L’iniziativa era partita da un’idea del naturalista Bepi Tormen, scomparso lo scorso anno, che ancora nel 2016 aveva avviato i censimenti delle rondini presenti a Belluno. "E proprio nel suo ricordo vogliamo portare avanti questo progetto che è stato ritenuto di particolare interesse anche da Ispra, massimo organo del Ministero dell’Ambiente", spiega Franco De Bon, consigliere provinciale delegato alla gestione faunistica.

"La rondine è indice di benessere ambientale e di biodiversità, oltre ad avere un valore simbolico in quanto fa parte della poesia e letteratura", continua. "Dobbiamo impegnarci per continuare a sostenere l’iniziativa non solo per il puro dato ambientale ma anche per diffondere informazione.

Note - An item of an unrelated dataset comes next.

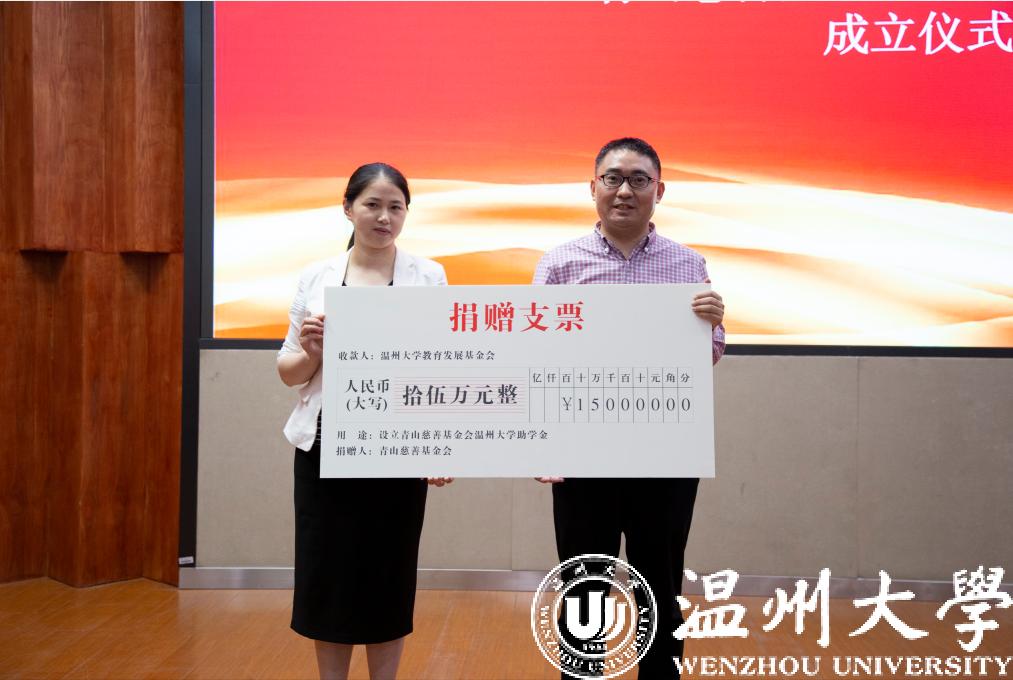 5月29日下午,青山慈善基金会开云电子(中国)官方网站_开云电子(中国)官方网站助学金成立仪式暨第九届“自强之星”事迹报告会在开云电子(中国)官方网站_开云电子(中国)官方网站南校区雁山厅举行,温州市侨联副主席林春雷、开云电子(中国)官方网站_开云电子(中国)官方网站党委副书记庄兴忠、青山慈善基金会理事长董玲敏、阿联酋温州同乡会执行会长池云虎、副会长潘国秒等参加了仪式。

Quando sarà possibile saremo anche felici di coinvolgere le scuole".

 

Questa iniziativa vede in prima linea la Polizia Provinciale, il Comune di Belluno, e le riserve alpine di caccia. In più a fornire il loro prezioso supporto e aiuto saranno la figlia e moglie di Bepi Tormen, che hanno assicurato il loro appoggio per proseguire sulla strada tracciata la scorsa estate. 

 

"Voglio seguire i progetti di papà e portare avanti il suo nome e le sue proposte in modo che riesca a vivere ancora attraverso i suoi progetti", ha detto commossa Silvia Tormen. "Mi impegnerò in prima persona per quest'iniziativa così da aumentare l'attenzione per i piccoli animali e per valorizzare la nostra bellissima città e Provincia".

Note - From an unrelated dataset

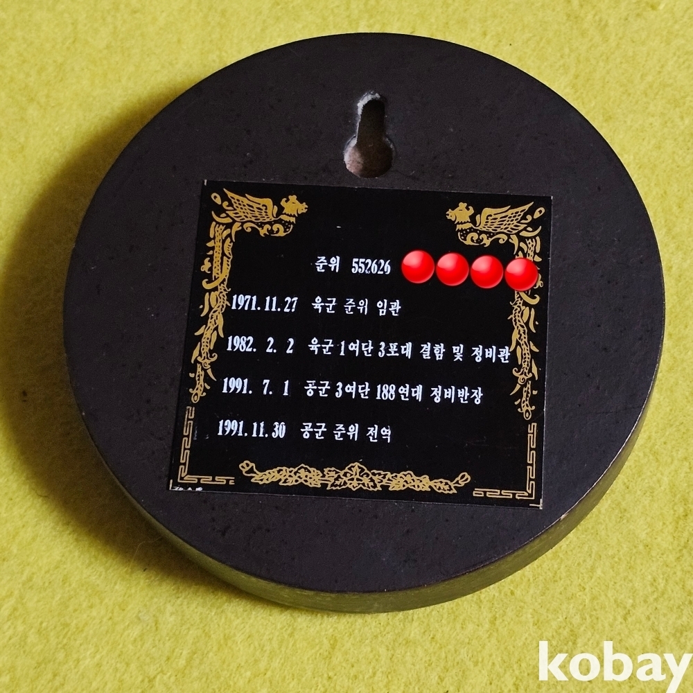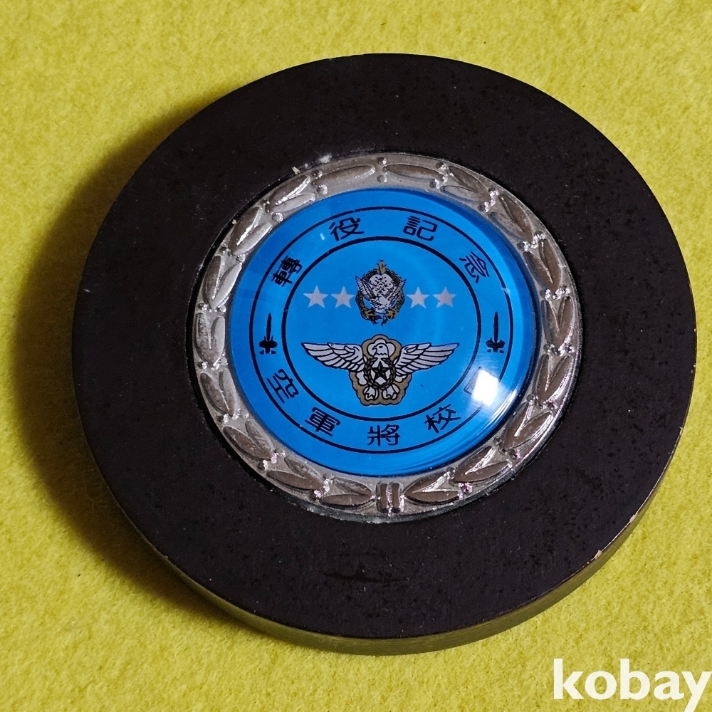 (((군자료))) 1991년 공군준위 전역기념 벽걸이 나무에 부착메달 (공군장교단)

Nel 2020, infatti, il progetto “Belluno città delle rondini” ha messo in campo diverse iniziative. Dopo il censimento dei nidi da parte del naturalista Tormen, sono stati creati dei tappetini con il duplice scopo di segnalare la presenza di rondini sotto i portici del centro e facilitare la pulizia del guano. Inoltre, è stato posizionato un ombrello rovesciato proprio per raccogliere la sporcizia in caduta dai nidi.

"Un sistema per andare incontro alle esigenze dei commercianti, ma anche per evitare che altri sistemi utilizzati - come le tavolette antiguano - diventassero facili trampolini per i predatori, specialmente corvi e cornacchie", sottolinea il consigliere De Bon. "Grazie ai censimenti e alle attenzioni di Bepi Tormen abbiamo potuto verificare proprio che le tavolette avevano questa controindicazione".

 

La famiglia Tormen si occuperà del censimento dei nidi, a partire dall’arrivo delle rondini, che quest'anno non dovrebbe tardare.

Provincia e Comune avranno poi il sostegno di Ascom, che segue con attenzione sia il lato pratico dell’igiene sotto i portici e davanti ai negozi (con la possibilità di evitare la sporcizia da guano) sia la possibilità di valorizzazione.

 

"I piccoli passi, anche le rondini, possono essere un piccolo passo per far conoscere le bellezze della nostra città", ha commentato infine Paolo Doglioni.